◆ **ASSIGNMENT**
Starting at the first line of the entries below, restate each line exactly until you reach the line with "大人かわいい手刺繍ミモザリボンポーチ(ポケットティッシュサイズ) 国産帆布 コットンリネン", and print that one too. Leave the pictures out and stop there.

Collected data entries:
☆ ☆ ☆ ☆ ☆

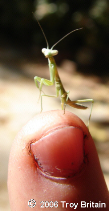 A praying mantis nymph, don't know the species. The thumb belongs to an uncle.
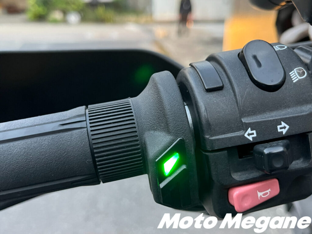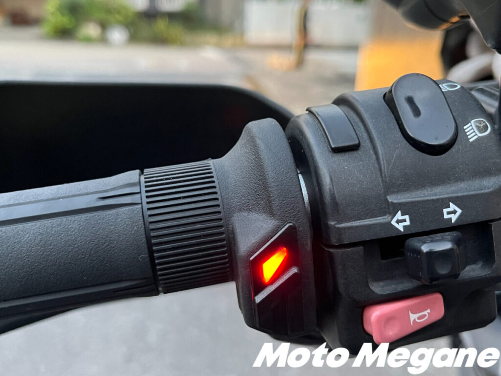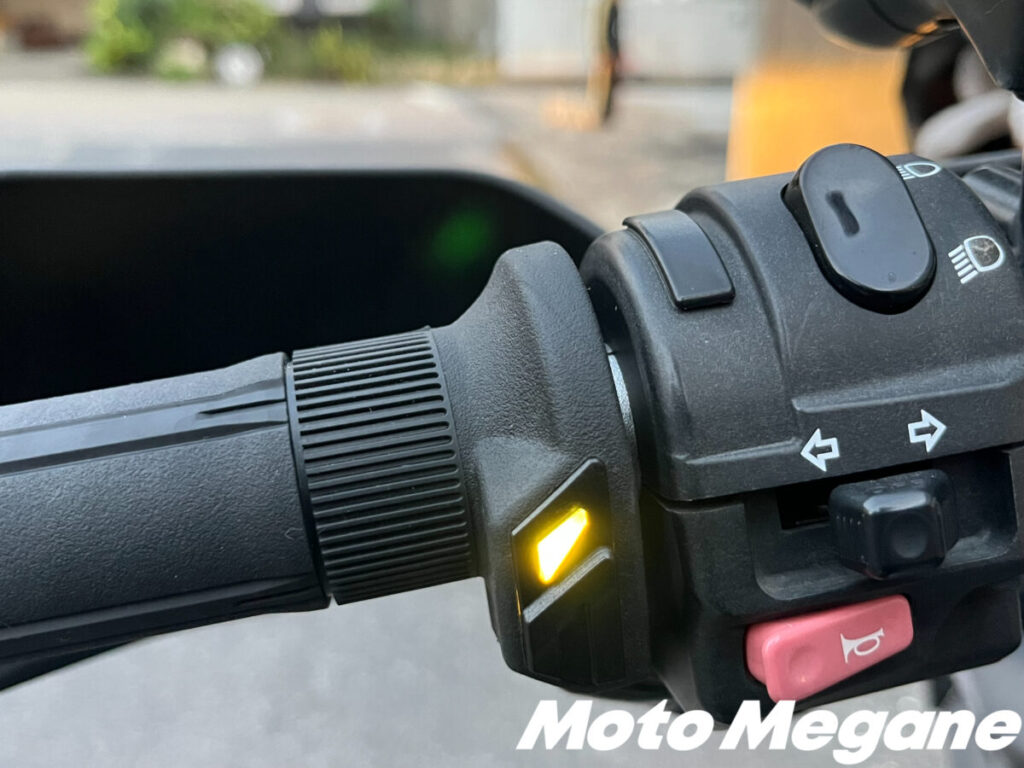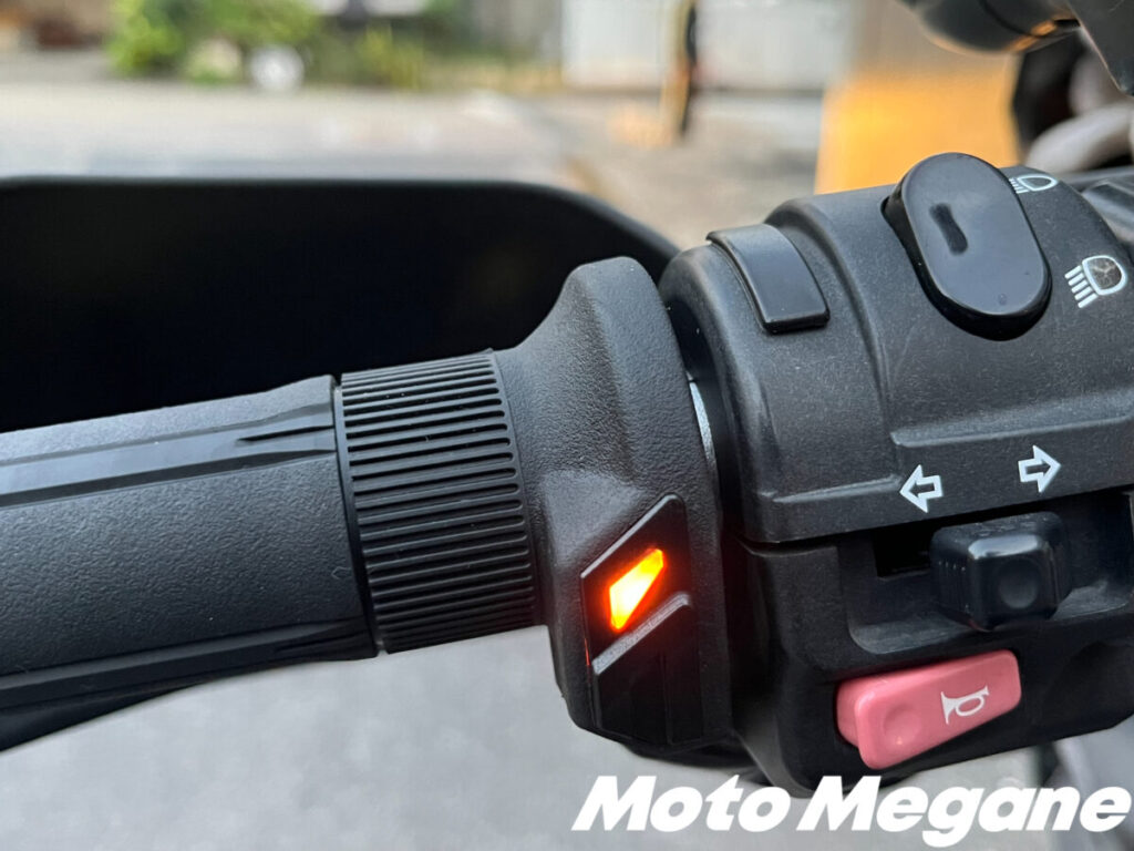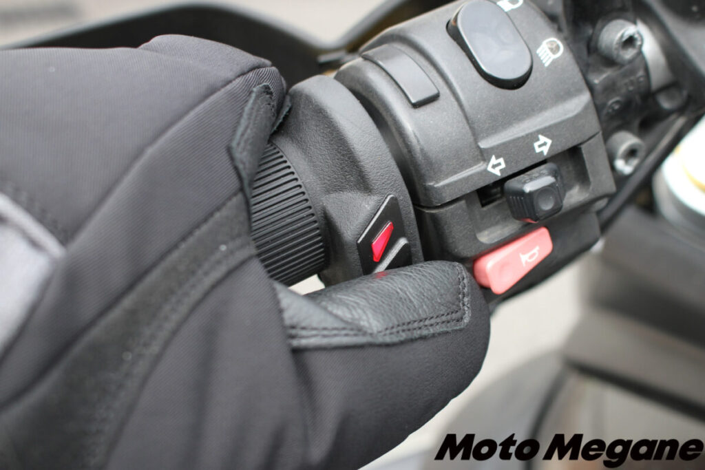 グリップを握ったまま親指1本で操作できるスイッチがはとても押しやすく、厚手のウインターグローブをはめた状態でも問題なく使えます!
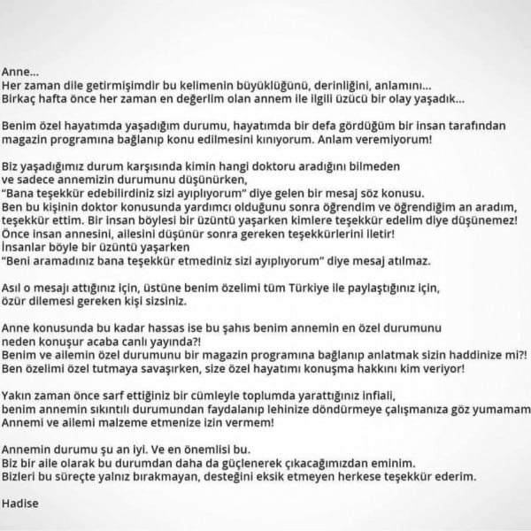 وبعد حديث نور هذا نشرت هاديسا بياناً عبر صفحتها الخاصة لم تنكر فيه ما قالته بل عاتبتها وقالت:” مي هي الكلمة التي عند ذكرها تعرف قيمتها. قبل اسبوع عشنا حادثاً محزناً مع والدتي. استنكر ان يقوم انسان رأيته مرة واحدة في حياتي بجعل امر خاص بي موضوعاً للحديث في برنامج تلفزيوني”.
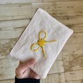 大人かわいい手刺繍ミモザリボンポーチ(ポケットティッシュサイズ) 国産帆布 コットンリネン 小物入れ ギフト
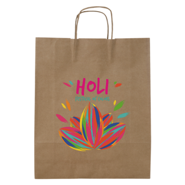 Papieren tas in wit en ecru, gemaakt van FSC-gecertificeerd papier (100 gr/m²) en geproduceerd in Europa. De tas (320x420x110 mm) heeft gedraaide hengsels in de kleur van de tas. Let op: volvlakdruk niet mogelijk.
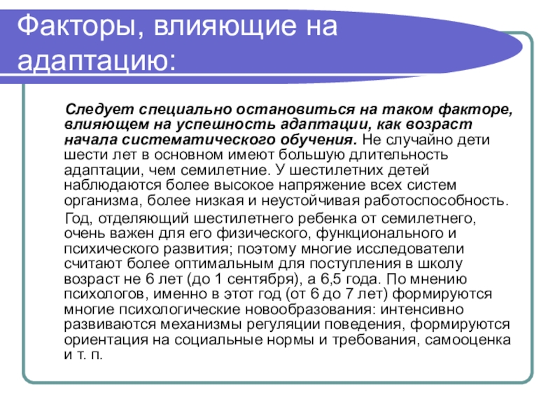 факторе, влияющем на успешность адаптации, как возраст начала систематического обучения. Не случайно дети шести лет в основном имеют большую длительность адаптации, чем семилетние. У шестилетних детей наблюдаются более высокое напряжение всех систем организма, более низкая и неустойчивая работоспособность.
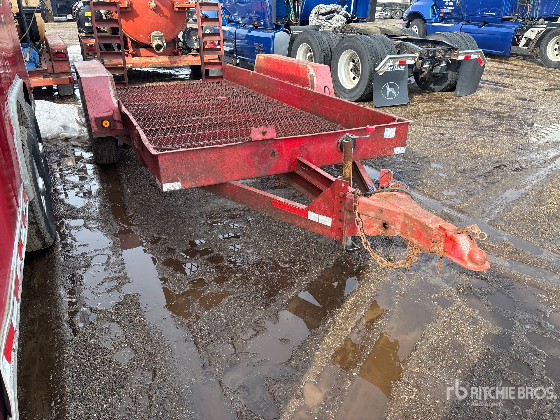 Located in Lane 16 Spot 7, Ball Hitch, Spring Suspension, Electric Brakes, 14 ft Main Deck, 76 in Overall Deck Width, Manual Ramps, Steel Decking, 205/75R14 Tires
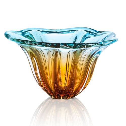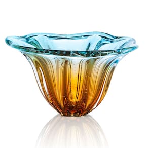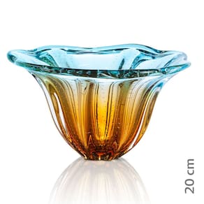 Vaso Em Cristal Murano agua Marinha E Ambar São Marcos Comprimento:36cm Largura:36cm Altura:20cm Peso:5640g Produzida 100% artesanalmente com a técnica secular e originária da Itália, a qual com muita maestria e criatividade são desenvolvidas e preservadas no Brasil pela Cristais São Marcos desde 1962. As escolhas das peças são versáteis e podem ser usadas para decorar casas e ambientes dos mais variados estilos. A tradição do Cristal Murano e a inovação em detalhes, formas e cores, trazem requinte para a decoração. O colorido do Muranoem especial, torna-se um coringa na decoração e produzem um efeito muito bonito em locais com luz natural, não dependendo de nenhum outro elemento para se destacar. As peças em Cristal Murano, são atemporais, aposte nelas como a estrela da decoração ou ainda para harmonizar em combinações com diferentes artigos para compor um ambiente. Junto com as peças em Murano, leve ainda um pouco de história. Uma dica é misturar diferentes Muranos e criar sua coleção de arte particular. O cristal Murano, tornou-se objeto de desejo por suas características únicas. Sendo assim, com todas essas particularidades, ele é uma ótima escolha para decorar, colecionar e ainda presentear com classe e sofisticação.
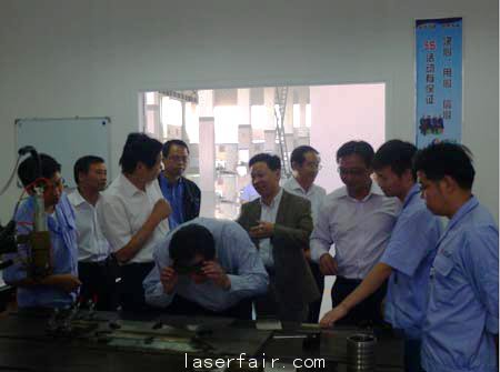 中国科学院半导体研究所所长李树深院士莅临指导参观中科四象激光科技有限公司厂区,亲自讲解由加工中心激光焊接的金属样件。
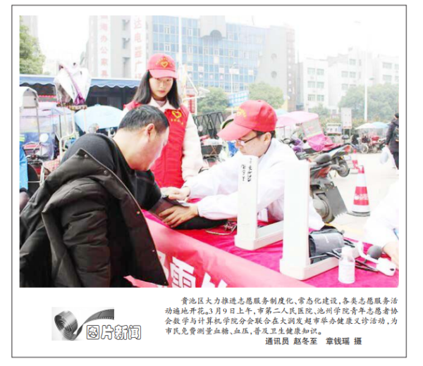 3月15日,池州日报以图片新闻的形式报道了beat365青年志愿者协会联合市二院开展义诊活动情况。
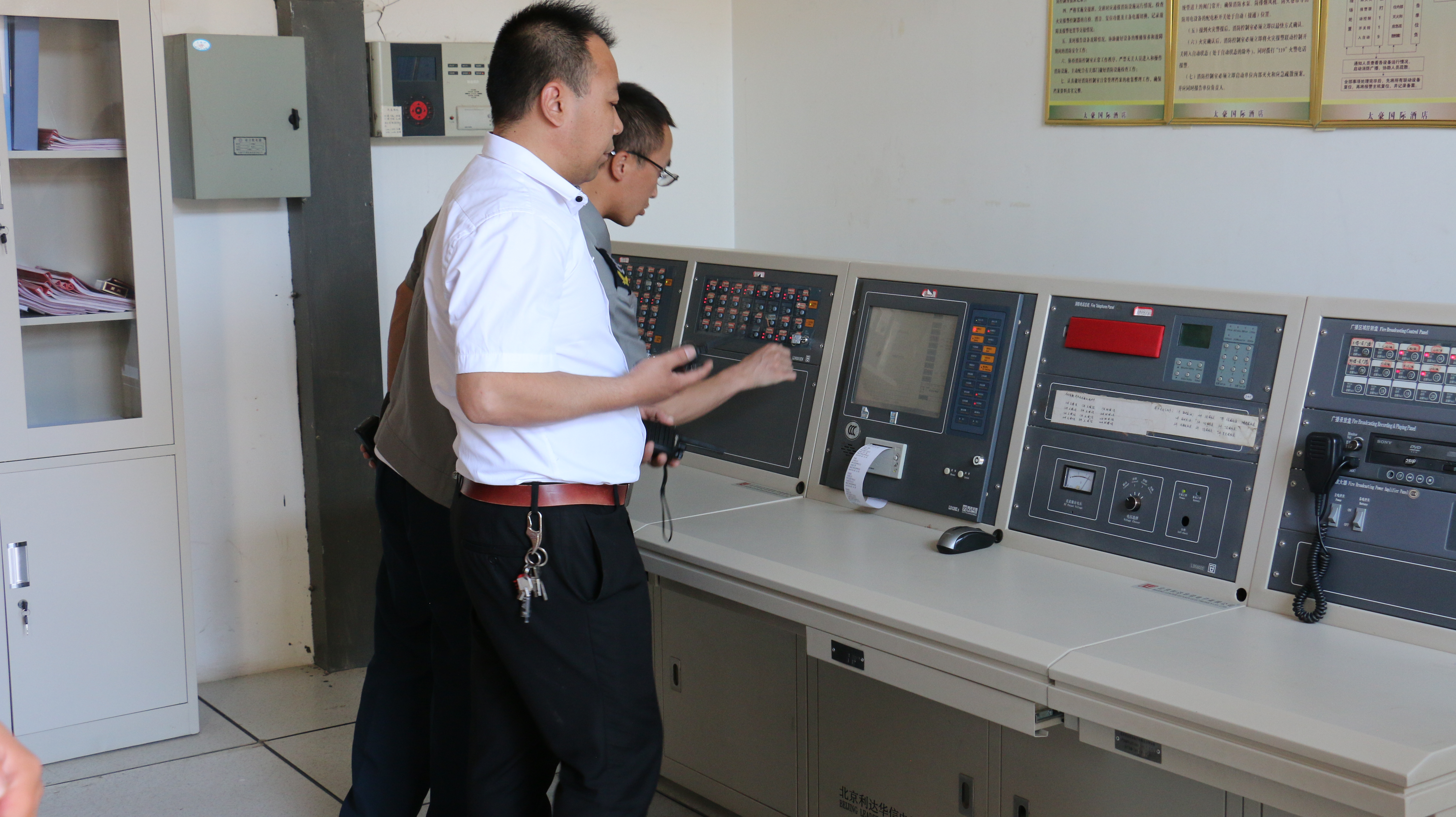 太豪国际酒店总经理胡生君快速赶到消防监控中心坐镇指挥
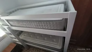 Vendo literas plegables. Según se puede ver en las imágenes se puede recoger dentro de un armario y así tener más espacio en la habitación. Viene con una mesilla a juego y 2 colchones. Se ha usado poco tiempo debido a que nos hemos mudado y no la usamos. Un saludo

☆ ☆ ☆ ☆ ☆

◆ **SOLUTION TO THE EXERCISE**
 A praying mantis nymph, don't know the species. The thumb belongs to an uncle.
 グリップを握ったまま親指1本で操作できるスイッチがはとても押しやすく、厚手のウインターグローブをはめた状態でも問題なく使えます!
 وبعد حديث نور هذا نشرت هاديسا بياناً عبر صفحتها الخاصة لم تنكر فيه ما قالته بل عاتبتها وقالت:” مي هي الكلمة التي عند ذكرها تعرف قيمتها. قبل اسبوع عشنا حادثاً محزناً مع والدتي. استنكر ان يقوم انسان رأيته مرة واحدة في حياتي بجعل امر خاص بي موضوعاً للحديث في برنامج تلفزيوني”.
 大人かわいい手刺繍ミモザリボンポーチ(ポケットティッシュサイズ) 国産帆布 コットンリネン 小物入れ ギフト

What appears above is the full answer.